Whoa. You have absolutely no idea how creepy this was to suddenly come across! It's really nice to know that someone is interested in my work, despite the fact I haven't yet been able to heavily promote it yet. To tell you the truth, much of my data is rather rough, as when I did this work I only had a very basic grasp of chemistry. However, I am planning to pursue it in a much more formal setting soon (as in 2 or 3 years, as I still have another year to university).
The cultivation of Sphagnum for commercial purposes is something I have been meaning to do some work on, as most of the current work focuses on regrowth after peat harvesting.
The effectiveness of Sphagnum on Sulphur would depend on its placement on the Elemental reactivity scale (which I don’t have handy at the moment sorry). But, honesty, in the form I have been using, it is probably not the best thing for anybody who can afford not too to use except as a last resort.

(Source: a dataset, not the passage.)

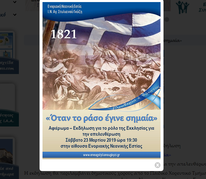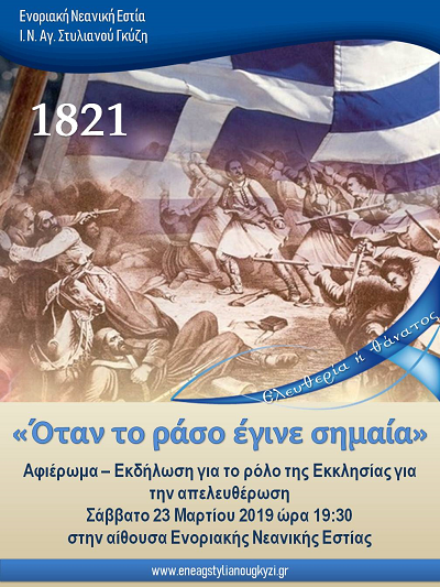 Η Ενοριακή Νεανική Εστία Αγίου Στυλιανού Γκύζη, μάς προσκαλεί στην Εθνική Εκδήλωση «Όταν το ράσο έγινε σημαία», ένα μικρό αφιέρωμα στον ρόλο της Εκκλησίας για την απελευθέρωση. Η εκδήλωση θα περιλαμβάνει δημοτικούς χορούς από το Παιδικό Χορευτικό Τμήμα της Ενορίας, αφηγήσεις και ποιήματα από παιδιά των Νεανικών Κατηχητικών Συντροφιών.

The main draw back is that the moss will need to soak in the water you are intending to use for at least an hour. It’s not exactly viable for the ‘attach to the tap and go’ type of filter. And, if you’re willing to spend, you can probably get much better ones on the market in the developed world. That is why I was proposing using it as a relief measure for third world families. It is far from perfect, but it is affordable and will improve the situation somewhat, but it’s not a miracle fix.
If you’re interested in seeing my full report or even more detailed data, give me an email.
Arielle Garrett

Unknown said...

It's an honor to hear from you!

Permaculturists often find themselves working in dire situations which literally are life and death for the people involved (e.g. a self-sponsored aid project in sub-Saharan Africa). Your findings are a sustainable solution to one of many serious problems that might be encountered. In short, it's extremely useful information.

As for your data, I know of one world-renowned permaculturist who has asked me if I could get it. I would love to get my hands on it. Just click on the contact address on the righthand menu.


Drake said...

As far as filtering water in streams or from runoff sources Paul Stammets Author of How Mushrooms Can Help Save the World used bales of Hay inoculated with Oyster Mushrooms. This helped a bacterial problem in a water retention pond below it. Straw bale filter.

Unknown said...

Thanks, Drake! Stamets also included woodchips as well. And I seem to recall that the mushroom species was Stropharia rugosa annulata, but I'll look it up when I get home and have access to my library (being on a job site now). In the case in the book, Paul was trying to meet EPA standards for E. coli off of his cattle yard. The dense hyphae of the Stropharia worked and he cut his E. coli down to below the limit required.